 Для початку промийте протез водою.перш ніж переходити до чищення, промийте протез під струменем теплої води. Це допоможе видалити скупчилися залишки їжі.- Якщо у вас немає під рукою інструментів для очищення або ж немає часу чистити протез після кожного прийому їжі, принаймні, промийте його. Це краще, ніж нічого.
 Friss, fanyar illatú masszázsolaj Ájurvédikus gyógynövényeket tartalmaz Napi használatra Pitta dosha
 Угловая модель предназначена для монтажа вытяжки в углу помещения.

---

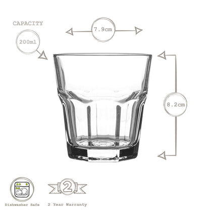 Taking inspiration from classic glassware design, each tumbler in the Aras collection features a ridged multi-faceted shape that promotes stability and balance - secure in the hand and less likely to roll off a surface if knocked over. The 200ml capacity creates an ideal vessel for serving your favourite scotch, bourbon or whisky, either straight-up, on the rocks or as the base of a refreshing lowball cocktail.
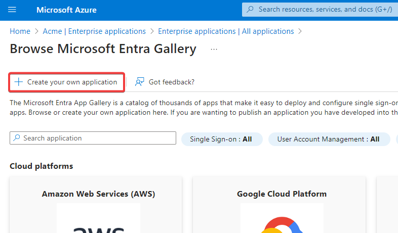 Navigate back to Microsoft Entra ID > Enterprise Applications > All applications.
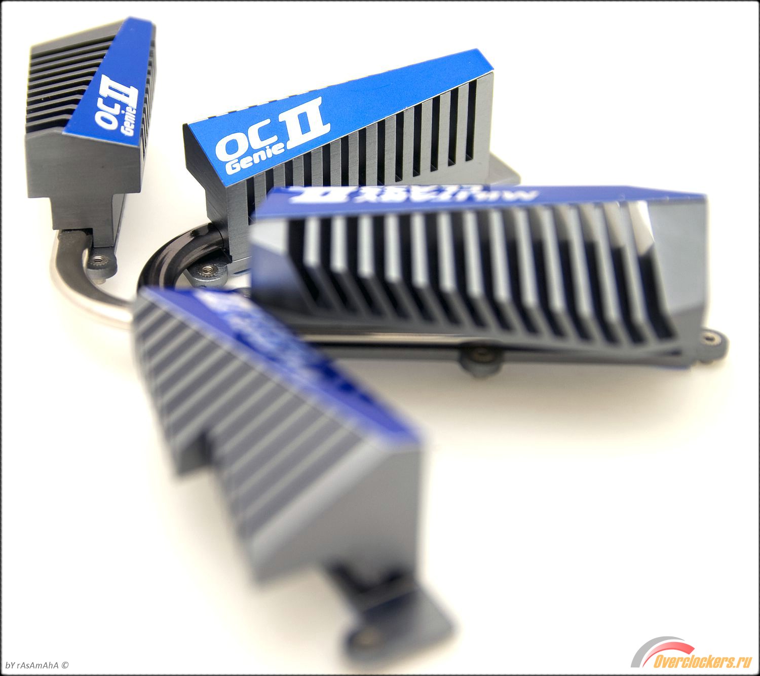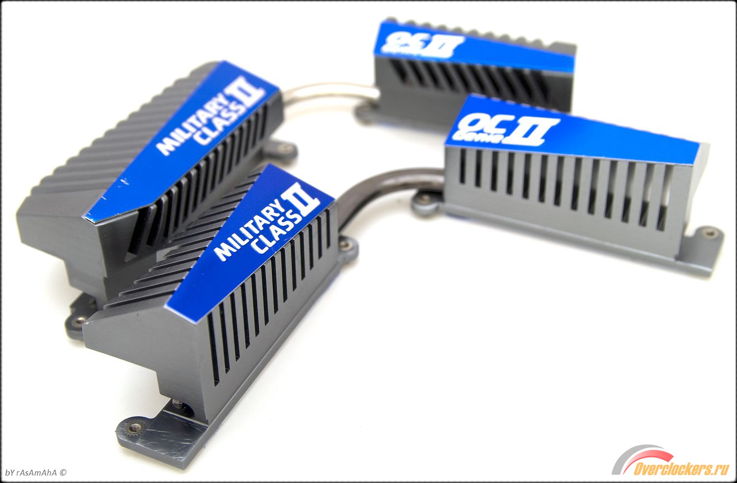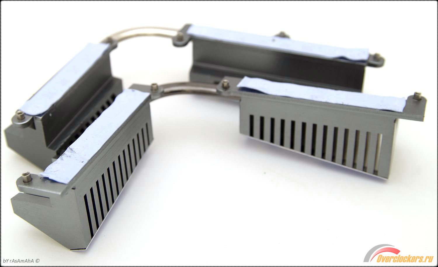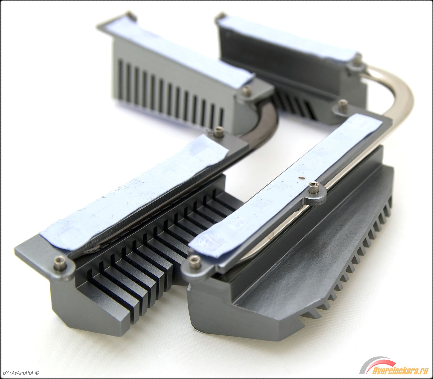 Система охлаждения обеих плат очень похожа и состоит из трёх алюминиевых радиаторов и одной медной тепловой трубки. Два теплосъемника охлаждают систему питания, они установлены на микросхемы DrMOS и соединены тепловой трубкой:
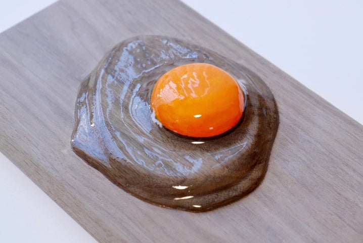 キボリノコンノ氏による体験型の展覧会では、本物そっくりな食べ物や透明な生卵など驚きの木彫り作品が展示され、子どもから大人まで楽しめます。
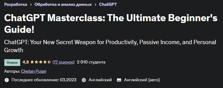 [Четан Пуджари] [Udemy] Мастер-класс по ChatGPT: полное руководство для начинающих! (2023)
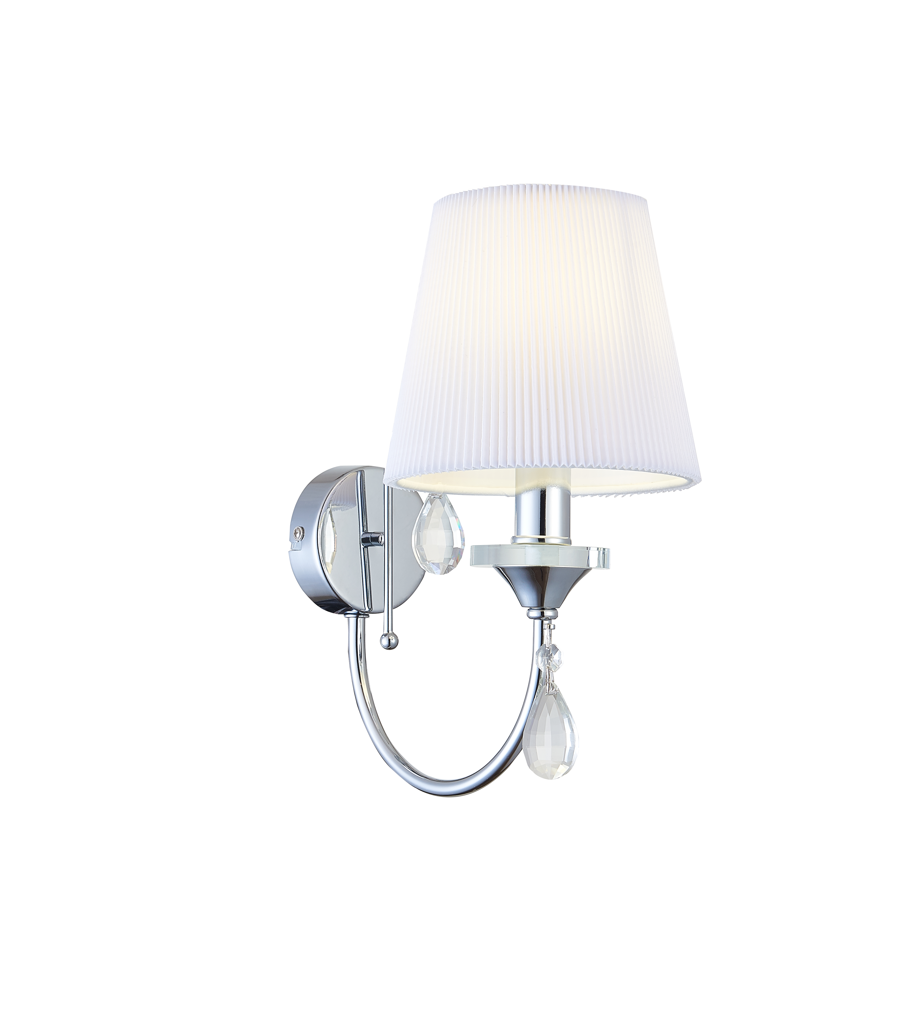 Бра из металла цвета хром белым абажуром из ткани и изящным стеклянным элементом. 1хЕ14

Task instructions:
Find "Для початку промийте" in the entries above and copy that whole line exactly, then each line after it through the line that contains "Угловая модель предназначена".

Output of the task:
 Для початку промийте протез водою.перш ніж переходити до чищення, промийте протез під струменем теплої води. Це допоможе видалити скупчилися залишки їжі.- Якщо у вас немає під рукою інструментів для очищення або ж немає часу чистити протез після кожного прийому їжі, принаймні, промийте його. Це краще, ніж нічого.
 Friss, fanyar illatú masszázsolaj Ájurvédikus gyógynövényeket tartalmaz Napi használatra Pitta dosha
 Угловая модель предназначена для монтажа вытяжки в углу помещения.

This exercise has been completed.